Regeln und Heuristiken sind als Transducer implementiert.

39 Regeln
25 kontextuelle Heuristiken
11 nicht-kontextuelle Heuristiken

Leistung:

Test A: Corpus mit 255 Sätzen (5752 Wörter)

=> 54% Wörter sind mehrdeutig. Nach Anwendung aller Regeln: 1,3% Fehlerrate (s. Tabelle 1)

Test B: Zeitungscorpus mit 12.000 Wörtern (mit Schreibfehlern und vielen Eigennamen)

Nach Anwendung aller Regeln: 2,5% Fehlerrate (s. Tabelle 2)
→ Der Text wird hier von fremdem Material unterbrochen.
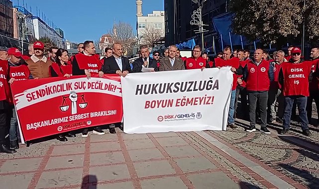 (EDİRNE) - DİSK üyeleri, Edirne’de Genel İş Sendikası Başkanı Remzi Çalışkan ile Genel-İş Mersin Şube Başkanı Kemal Göksoy’un tutuklanmasına yaptıkları açıklamayla tepki gösterdi. Genel İş Mali İşler Daire Başkanı Yaşar Gündoğdu, “Somut delillere dayanmayan, uydurma gizli tanık ifadeleriyle tutuklanmaları siyasi bir operasyon olup, emeğe ve demokrasiye dönük büyük bir saldırıdır” dedi.
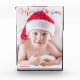 Beau arc-en-ciel Joyeux bloc photo de Noël avec belle typographie arc-en-ciel cursive sur votre photo bébé. Ce cadeau de photo moderne de vacances nouveau-né présente une superbe présentation de script coloré et le nom de votre famille en rouge sur le fond de l'image de Noël.
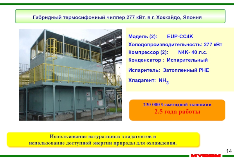 Гибридный термосифонный чиллер 277 кВт. в г. Хоккайдо, Япония
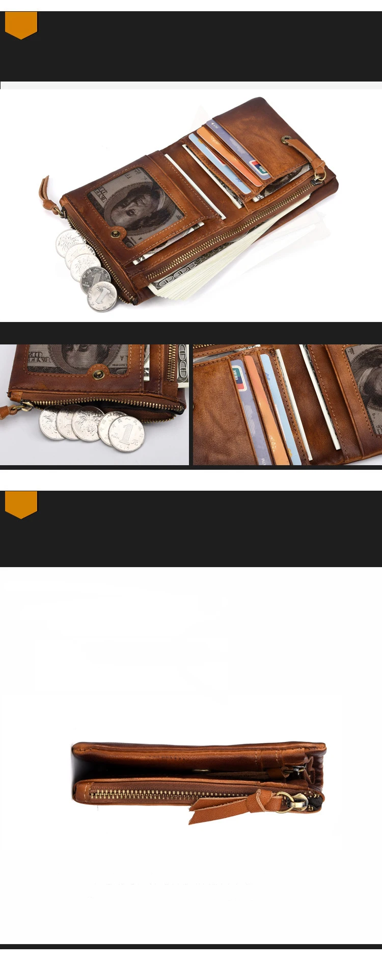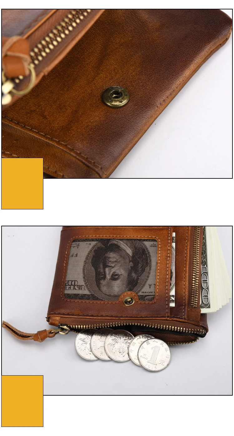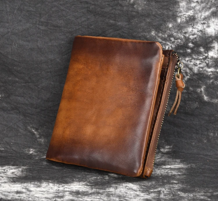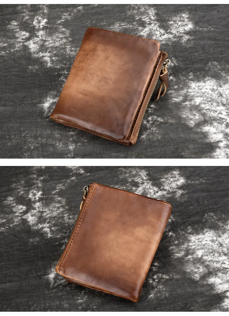 Удобный кошелек с двойной молнией, многофункциональные винтажные мужские бумажники из натуральной кожи
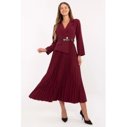 Elegantní maxi šaty ve skladném střihu, ideální jak do práce, tak na společenské události. Horní část v námořnickém stylu s klasickým límečkem a knoflíkem dodává celku eleganci a profesionální charakter. Od pasu dolů jsou šaty vyrobeny z plisované látky, která se krásně pohybuje, zdůrazňuje lehkost a ženskou eleganci. Dlouhé rukávy přidávají eleganci, a zapínací pásek zdůrazňuje pas a dodává postavě proporce. Celý kus je dokončen hladkým povrchem, a dominující směs viskózy a polyesteru zaručuje pohodlí nošení a trvanlivost materiálu.
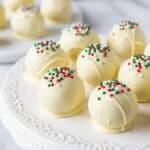 Delight in these festive Sugar Cookie Truffles, a creamy and colorful holiday treat made from heated cake mix, butter, and sprinkles, all dipped in luscious white chocolate. Perfect for Christmas gatherings or as a sweet seasonal gift.

Kombination von statistischem und constraint-basiertem Tagging

Versuchsanordnung:

  1. Einsatz des constraint-basierten Taggers ohne die nicht-kontextuellen Heuristiken (Aus Zeitungskorpus mit 12.000 Wörtern bleiben 1400 mehrdeutig.)
  2. Einsatz des statistischen Taggers unabhängig vom vorherigen Lauf des constraint-basierten Taggers. Für die Fälle, wo der constraint-basierte Tagger keine Eindeutigkeit herstellt, wird das vom statistischen Tagger ermittelte Tag genommen. (Erzeugt 220 Fehler auf die 1400 Mehrdeutigkeiten.)
  3. Die verbleibenden Mehrdeutigkeiten (0,5%) werden durch die nicht-kontextuellen Heuristiken behandelt. (Erzeugt nur 150 Fehler auf die 1400 Mehrdeutigkeiten.)

Fehleranalyse

  1. Fehler durch Mehr-Wort-Ausdrücke (15 Fehler).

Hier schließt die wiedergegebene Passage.